Task prompt. Note each line of the entries that includes "custom". Then copy those lines.

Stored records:
* * *

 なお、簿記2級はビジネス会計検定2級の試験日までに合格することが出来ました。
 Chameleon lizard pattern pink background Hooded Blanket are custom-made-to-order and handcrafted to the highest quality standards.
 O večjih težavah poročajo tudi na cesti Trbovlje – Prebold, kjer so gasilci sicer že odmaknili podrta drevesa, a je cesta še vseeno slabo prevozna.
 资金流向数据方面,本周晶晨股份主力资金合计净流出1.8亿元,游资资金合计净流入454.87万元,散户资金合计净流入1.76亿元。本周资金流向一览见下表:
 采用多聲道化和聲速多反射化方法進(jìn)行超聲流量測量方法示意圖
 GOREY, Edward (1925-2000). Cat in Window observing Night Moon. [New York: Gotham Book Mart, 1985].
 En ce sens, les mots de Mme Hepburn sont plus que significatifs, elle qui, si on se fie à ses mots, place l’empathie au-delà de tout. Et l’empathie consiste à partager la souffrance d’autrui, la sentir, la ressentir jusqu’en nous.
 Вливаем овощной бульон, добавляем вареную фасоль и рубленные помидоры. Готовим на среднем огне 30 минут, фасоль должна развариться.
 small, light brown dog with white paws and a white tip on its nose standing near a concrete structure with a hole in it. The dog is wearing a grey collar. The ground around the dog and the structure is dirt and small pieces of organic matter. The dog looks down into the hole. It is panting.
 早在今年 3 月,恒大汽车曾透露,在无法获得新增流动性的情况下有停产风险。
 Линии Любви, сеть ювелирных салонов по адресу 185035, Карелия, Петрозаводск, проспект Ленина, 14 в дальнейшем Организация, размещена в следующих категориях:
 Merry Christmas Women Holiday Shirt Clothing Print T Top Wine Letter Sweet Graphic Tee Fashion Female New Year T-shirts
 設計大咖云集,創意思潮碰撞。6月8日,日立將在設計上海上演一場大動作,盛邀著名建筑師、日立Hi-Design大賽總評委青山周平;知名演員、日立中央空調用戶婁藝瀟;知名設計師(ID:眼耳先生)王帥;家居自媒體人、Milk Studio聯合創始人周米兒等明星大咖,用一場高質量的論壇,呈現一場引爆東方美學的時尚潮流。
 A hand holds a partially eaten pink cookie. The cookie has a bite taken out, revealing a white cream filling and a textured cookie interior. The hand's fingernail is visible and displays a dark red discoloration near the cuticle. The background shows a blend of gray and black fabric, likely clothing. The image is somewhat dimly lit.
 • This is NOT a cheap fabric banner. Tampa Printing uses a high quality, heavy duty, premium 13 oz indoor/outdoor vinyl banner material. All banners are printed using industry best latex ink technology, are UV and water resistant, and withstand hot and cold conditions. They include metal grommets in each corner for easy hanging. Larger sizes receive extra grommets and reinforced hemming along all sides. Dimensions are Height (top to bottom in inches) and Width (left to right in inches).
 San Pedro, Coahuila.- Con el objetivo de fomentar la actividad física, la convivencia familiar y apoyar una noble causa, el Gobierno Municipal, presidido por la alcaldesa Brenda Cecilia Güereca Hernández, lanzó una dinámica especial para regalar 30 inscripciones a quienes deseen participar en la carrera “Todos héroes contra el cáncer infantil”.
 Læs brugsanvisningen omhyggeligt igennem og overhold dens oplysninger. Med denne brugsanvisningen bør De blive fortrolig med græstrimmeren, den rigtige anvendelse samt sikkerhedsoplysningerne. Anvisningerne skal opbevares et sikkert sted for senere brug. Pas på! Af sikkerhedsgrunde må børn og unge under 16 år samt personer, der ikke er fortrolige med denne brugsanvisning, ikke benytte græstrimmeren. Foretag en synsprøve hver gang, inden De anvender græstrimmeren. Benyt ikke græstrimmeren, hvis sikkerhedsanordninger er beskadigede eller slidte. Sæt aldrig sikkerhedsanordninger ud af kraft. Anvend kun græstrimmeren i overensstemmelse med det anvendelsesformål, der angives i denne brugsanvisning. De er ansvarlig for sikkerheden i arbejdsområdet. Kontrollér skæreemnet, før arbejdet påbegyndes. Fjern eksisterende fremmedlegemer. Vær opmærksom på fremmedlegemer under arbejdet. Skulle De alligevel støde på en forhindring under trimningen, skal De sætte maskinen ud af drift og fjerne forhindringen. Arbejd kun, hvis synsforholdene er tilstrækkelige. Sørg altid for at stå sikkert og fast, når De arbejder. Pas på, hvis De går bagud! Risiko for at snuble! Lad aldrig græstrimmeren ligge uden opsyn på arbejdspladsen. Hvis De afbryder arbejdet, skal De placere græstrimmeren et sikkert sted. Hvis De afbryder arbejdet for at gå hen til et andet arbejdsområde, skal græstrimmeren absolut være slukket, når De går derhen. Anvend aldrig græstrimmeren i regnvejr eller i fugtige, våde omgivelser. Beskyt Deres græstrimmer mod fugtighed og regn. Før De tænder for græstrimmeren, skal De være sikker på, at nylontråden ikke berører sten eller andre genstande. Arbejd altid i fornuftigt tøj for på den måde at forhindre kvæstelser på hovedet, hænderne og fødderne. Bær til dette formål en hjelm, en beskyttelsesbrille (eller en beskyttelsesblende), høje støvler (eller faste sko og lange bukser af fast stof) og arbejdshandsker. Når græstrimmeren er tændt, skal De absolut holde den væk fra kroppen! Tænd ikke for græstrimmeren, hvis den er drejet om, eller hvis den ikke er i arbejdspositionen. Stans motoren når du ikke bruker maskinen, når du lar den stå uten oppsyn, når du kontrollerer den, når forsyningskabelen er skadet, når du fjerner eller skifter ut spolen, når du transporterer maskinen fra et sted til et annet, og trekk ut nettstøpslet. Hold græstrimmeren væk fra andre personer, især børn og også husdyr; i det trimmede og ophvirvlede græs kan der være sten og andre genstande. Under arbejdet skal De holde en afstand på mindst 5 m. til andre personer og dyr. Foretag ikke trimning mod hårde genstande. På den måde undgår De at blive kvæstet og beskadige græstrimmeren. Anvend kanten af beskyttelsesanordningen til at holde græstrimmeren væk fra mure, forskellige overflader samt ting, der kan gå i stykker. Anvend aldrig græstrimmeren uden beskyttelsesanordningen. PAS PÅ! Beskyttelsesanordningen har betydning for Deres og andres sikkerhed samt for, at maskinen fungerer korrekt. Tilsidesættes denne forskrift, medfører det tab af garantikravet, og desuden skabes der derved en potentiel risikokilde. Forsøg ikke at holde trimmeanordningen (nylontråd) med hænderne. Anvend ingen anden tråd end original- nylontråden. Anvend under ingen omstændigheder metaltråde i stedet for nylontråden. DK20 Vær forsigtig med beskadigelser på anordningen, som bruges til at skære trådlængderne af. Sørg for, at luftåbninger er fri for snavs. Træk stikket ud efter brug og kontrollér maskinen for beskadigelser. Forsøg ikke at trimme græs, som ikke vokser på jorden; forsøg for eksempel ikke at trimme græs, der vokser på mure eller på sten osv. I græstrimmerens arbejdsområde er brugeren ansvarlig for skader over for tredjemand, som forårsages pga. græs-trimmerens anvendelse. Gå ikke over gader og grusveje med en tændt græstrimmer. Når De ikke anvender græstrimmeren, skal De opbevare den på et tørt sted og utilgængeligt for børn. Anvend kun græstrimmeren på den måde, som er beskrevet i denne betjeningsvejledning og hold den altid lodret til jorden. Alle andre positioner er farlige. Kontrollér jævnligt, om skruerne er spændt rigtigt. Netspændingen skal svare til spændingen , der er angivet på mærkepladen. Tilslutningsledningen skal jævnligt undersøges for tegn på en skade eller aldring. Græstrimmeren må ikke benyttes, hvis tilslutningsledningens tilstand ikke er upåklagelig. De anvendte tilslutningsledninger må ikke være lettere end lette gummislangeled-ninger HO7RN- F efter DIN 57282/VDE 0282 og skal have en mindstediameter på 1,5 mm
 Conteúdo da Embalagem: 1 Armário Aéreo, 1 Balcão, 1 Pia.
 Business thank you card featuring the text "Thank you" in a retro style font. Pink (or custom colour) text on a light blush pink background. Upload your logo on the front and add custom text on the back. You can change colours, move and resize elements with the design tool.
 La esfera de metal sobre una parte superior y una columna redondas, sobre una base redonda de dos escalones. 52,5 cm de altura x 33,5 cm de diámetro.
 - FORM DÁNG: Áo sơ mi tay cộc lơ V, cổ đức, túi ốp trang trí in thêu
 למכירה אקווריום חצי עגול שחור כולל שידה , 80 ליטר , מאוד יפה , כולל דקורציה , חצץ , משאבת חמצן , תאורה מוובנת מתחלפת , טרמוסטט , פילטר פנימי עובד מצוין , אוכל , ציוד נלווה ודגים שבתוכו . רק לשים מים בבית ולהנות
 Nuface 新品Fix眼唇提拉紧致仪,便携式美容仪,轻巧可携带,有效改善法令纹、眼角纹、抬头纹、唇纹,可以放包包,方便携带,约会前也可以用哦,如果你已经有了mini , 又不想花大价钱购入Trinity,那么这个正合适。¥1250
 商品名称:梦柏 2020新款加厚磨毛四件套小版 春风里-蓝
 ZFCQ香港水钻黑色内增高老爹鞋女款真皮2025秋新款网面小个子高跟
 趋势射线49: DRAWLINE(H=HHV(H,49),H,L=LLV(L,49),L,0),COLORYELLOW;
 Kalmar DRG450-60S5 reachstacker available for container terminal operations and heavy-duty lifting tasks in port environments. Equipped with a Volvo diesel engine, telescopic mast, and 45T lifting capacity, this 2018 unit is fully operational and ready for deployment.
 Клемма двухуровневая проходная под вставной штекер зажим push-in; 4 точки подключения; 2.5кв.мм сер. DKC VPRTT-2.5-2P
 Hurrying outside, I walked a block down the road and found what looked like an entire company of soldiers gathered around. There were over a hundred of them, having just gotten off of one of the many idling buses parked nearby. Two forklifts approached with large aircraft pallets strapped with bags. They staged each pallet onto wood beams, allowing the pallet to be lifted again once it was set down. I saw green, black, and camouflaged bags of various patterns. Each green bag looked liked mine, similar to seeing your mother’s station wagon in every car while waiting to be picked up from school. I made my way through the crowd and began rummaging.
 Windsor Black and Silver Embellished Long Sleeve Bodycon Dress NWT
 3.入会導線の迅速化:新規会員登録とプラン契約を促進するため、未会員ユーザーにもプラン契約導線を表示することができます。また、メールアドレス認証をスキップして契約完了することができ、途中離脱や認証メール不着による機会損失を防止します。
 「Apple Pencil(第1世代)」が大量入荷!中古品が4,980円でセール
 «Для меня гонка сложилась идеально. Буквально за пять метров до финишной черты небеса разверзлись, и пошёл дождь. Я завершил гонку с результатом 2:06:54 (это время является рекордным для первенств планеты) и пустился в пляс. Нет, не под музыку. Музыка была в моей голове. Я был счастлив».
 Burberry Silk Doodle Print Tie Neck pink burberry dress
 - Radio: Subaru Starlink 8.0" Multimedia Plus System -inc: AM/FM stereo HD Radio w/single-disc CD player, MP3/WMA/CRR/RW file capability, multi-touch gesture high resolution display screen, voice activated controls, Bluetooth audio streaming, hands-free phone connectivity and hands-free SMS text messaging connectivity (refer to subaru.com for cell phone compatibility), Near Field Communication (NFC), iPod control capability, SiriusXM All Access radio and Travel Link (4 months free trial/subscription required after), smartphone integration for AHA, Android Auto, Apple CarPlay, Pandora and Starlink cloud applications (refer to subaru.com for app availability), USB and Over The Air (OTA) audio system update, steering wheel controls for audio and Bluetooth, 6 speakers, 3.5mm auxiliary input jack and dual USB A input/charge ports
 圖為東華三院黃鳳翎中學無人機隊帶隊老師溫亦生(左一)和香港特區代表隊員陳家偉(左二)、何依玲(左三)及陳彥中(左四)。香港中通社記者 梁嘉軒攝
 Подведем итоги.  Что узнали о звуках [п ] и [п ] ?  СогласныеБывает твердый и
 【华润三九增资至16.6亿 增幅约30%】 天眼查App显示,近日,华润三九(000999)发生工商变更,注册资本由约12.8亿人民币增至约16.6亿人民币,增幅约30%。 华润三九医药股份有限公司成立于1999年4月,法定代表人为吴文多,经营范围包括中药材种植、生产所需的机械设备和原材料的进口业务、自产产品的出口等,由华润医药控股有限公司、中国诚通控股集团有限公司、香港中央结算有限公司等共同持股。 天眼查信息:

* * *

The completed task.
 Chameleon lizard pattern pink background Hooded Blanket are custom-made-to-order and handcrafted to the highest quality standards.
 Business thank you card featuring the text "Thank you" in a retro style font. Pink (or custom colour) text on a light blush pink background. Upload your logo on the front and add custom text on the back. You can change colours, move and resize elements with the design tool.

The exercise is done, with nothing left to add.